The all-share index which opened at 38,800.01, inched higher by 310.16 points or 0.80 percent to cross the 39,000 mark and close at 39,110.17.

Also, the market capitalization rose by N167 billion to close at N20.446 trillion compared with N20.279 trillion achieved on Thursday before the Christmas and Boxing Day holidays.

Year-to-date returns are currently at 45.7 percent; the best annual return since 2013.

According to analysis by TheCable, investors had booked N7.31 trillion in gains as of December 22, 2020. The rally was also supported by the dovish stand of the Central Bank of Nigeria (CBN).

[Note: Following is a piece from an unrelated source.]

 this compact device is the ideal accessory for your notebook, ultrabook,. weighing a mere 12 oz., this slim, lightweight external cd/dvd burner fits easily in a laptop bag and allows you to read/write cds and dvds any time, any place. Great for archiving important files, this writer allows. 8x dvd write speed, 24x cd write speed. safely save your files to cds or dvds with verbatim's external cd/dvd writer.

The apex bank cut the base monetary policy rate by 200 basis points to 11. 5 percent, in order to boost lending, discourage savings and drive growth to counter the pandemic effect on the economy, while also keeping rates low in the fixed income market.

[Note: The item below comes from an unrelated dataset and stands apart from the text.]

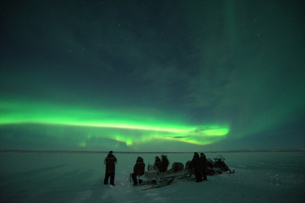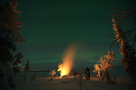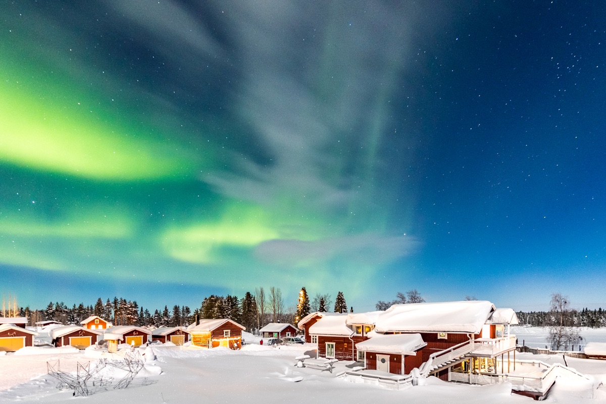 Abends machen Sie es sich in dem großen Schlitten bequem und lehnen sich entspannt zurück. Ihr Schlitten wird an ein Schneemobil angehängt und ein Guide fährt mit Ihnen hinaus in die winterliche Nacht. Genießen Sie die Fahrt und die absolute Dunkelheit ohne jede Lichtverschmutzung und halten Sie die Augen gen Himmel gerichtet. Ihr Guide kennt die besten Plätze zur Nordlichtbeobachtung und steuert einen davon an. Hier machen Sie es sich am Lagerfeuer gemütlich und warten bei einem heißen Getränk darauf, ob sich die Lichter in dieser Nacht zeigen. Auch ohne das Polarlicht werden Sie der Sternenhimmel und die Einsamkeit der schwedischen Wildnis beeindrucken.

Excess liquidity (created by CBN’s OMO restriction), the hunt for double-digit yields and depressed pricing, helped to rekindle local interests in the equities market in 2020.

Boss of NSE

The uptrend recorded at the end of trading on Tuesday was driven by price appreciation in medium and large capitalised stocks amongst which are; BUA Cement, Zenith Bank, Access Bank, NPF Microfinance Bank and NEM Insurance.

A breakdown of the price movement chart shows that Jaiz Bank dominated the gainers’ chart in percentage terms with 10 percent, to close at 66k per share.

NEM Insurance followed with 9.56 percent to close at N1.49, while Lasaco Assurance rose by 8.82 per cent to close at 37k per share.

NPF Microfinance Bank improved by 8.39 per cent to close at N1.68, while Japaul Gold and Ventures appreciated by 8.33 per cent to close at 52k per share.

Conversely, NCR led the laggards’ chart in percentage terms, losing 9.68 per cent to close at N1.96 per share.

FTN Cocoa Processors trailed with 8.99 per cent to close at 81k, while Trans-Nationwide Express shed 8.86 per cent to close at 72k per share.

Chams shed 8.70 per cent to close at 21k, while AXA Mansard Insurance lost 4.76 per cent to close at N1 per share.

Also, the total volume of shares traded rose by 85.4 percent with an exchange of 722.57 million shares worth N4.38 billion in 5,042 deals.

This was in contrast with a total of 381.72 million shares valued at N7.97 billion exchanged in 2,925 deals on Thursday.

Transactions in the shares of AIICO Insurance topped the activity chart with 273.13 million shares valued at N326.09 million.

Oando followed with 81.45 million shares worth N323.33 million, while FBN Holdings traded 41.09 million shares valued at N294.21 million.

Access Bank traded 40.14 million shares worth N353.27 million, while Champion Breweries transacted 36.33 million shares worth N30.16 million.